Hey guys so i'm aiming on focusing more on the world of trailer music production in 2018. i was just practicing my trailer percussion with a little bit of sound design writing for the past while and wrote this short stem. was wondering if i could get some constructive feedback on how its sounds, how i could make it better, what its lacking in terms of hits, drive and frequencies. thanks in advance people 



Danny


----------



## tehreal (Dec 4, 2017)

That opening riser/sting is awesome. And I like the heart-pounding rhythmic climax (as well as the approach into it).

It's really hard to critique functional music like this because what you've written could very well be perfect for the picture/dialogue. We'd just need to see it all together somehow. I wish there were resources out there for composers to practice this (like trailer minus music videos).

Regardless of no picture, there could probably still be more building/development throughout (more evolving ambiances/synths behind the percussion or something). Then again, it all depends how it joins to picture.

Sorry this wasn't great feedback. Unfortunately I don't know jack about sound design but I really want to start learning it. What you did is way better than I could ever do, that's for sure. Hopefully others can chime in with better suggestions.


----------



## tripplexis (Dec 5, 2017)

This is VERY context-dependant, so not easy to give feedback to isolated percussion track, but to my ears:

- Could use more variety. In trailer structure, there's usually more variety in percussion. You'd want to diversify them a little more for the sake of dynamics and progression.
- Lack of dynamics, no contrast in velocity between the mid-section and the ending. I didn't get the sense the intensity is rising, other than the speed of percs increasing.
- Freq-wise - I'm on AKG701's atm, but sounds like you have enough bottom and mid content, but could use some cymbs or other of hi-freq content.
- Less busy? With some more breathing space you'd be able to find more space to add those precious sounddesign elements. 
- Optional suggestion - more custom sound design. By the end of the track I recognized several Damage impact sounds. You'd probably want to create more custom sounds to make yourself stand out. Also, I understand the intent of the swell/alarm sound (at the very beginning), but since it was one of the few snddsgn elements, it got a bit repetitive by the end.

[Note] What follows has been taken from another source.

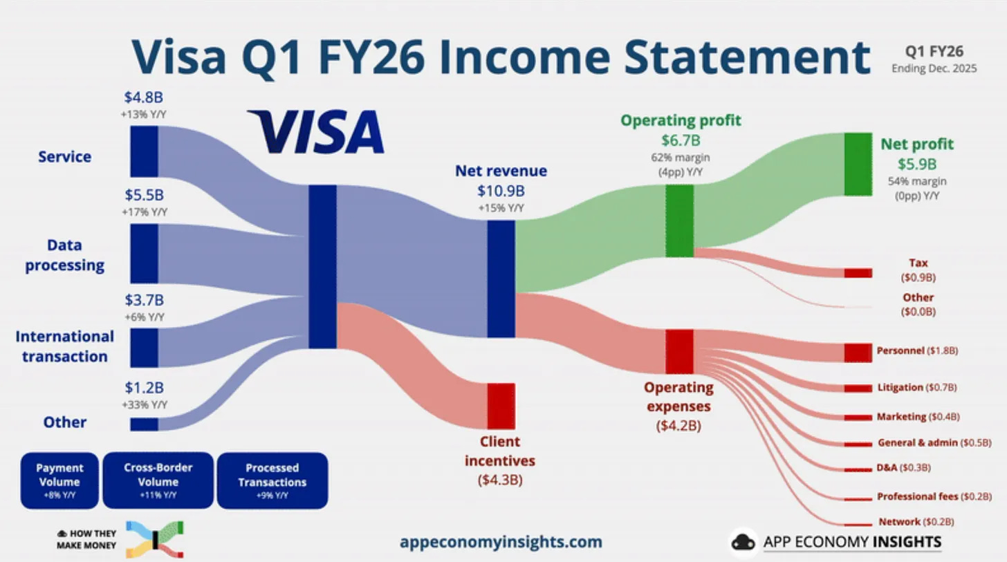 This quarter reinforces a simple point: Visa’s moat is volume, global acceptance, and cross-border flow density.

Trailers are ear-candy, but this falls a bit short to meet industry standards, in its current state. But - again - my comments could be proven totally wrong in the full track context, so good luck with this!


----------



## stixman (Dec 5, 2017)

syncopated rim shots between the big hits! Check out Koto drummers on youtube


----------



## dannymc (Dec 7, 2017)

thanks for the feedback guys 



> Regardless of no picture, there could probably still be more building/development throughout (more evolving ambiances/synths behind the percussion or something). Then again, it all depends how it joins to picture.



the reason why there was not too much development was that this was just the percussion stem of a full epic track i recently wrote which has a full orchestra on top of it. its just when i went to stem out the percussion i thought it sounded pretty good by itself 

and since a lot of trailer these days really focuses on percussion, hits and sound design i felt this was a good starting template for any potential trailer work going forward. the key thing is i want to make sure my production is there before i delve any deeper. 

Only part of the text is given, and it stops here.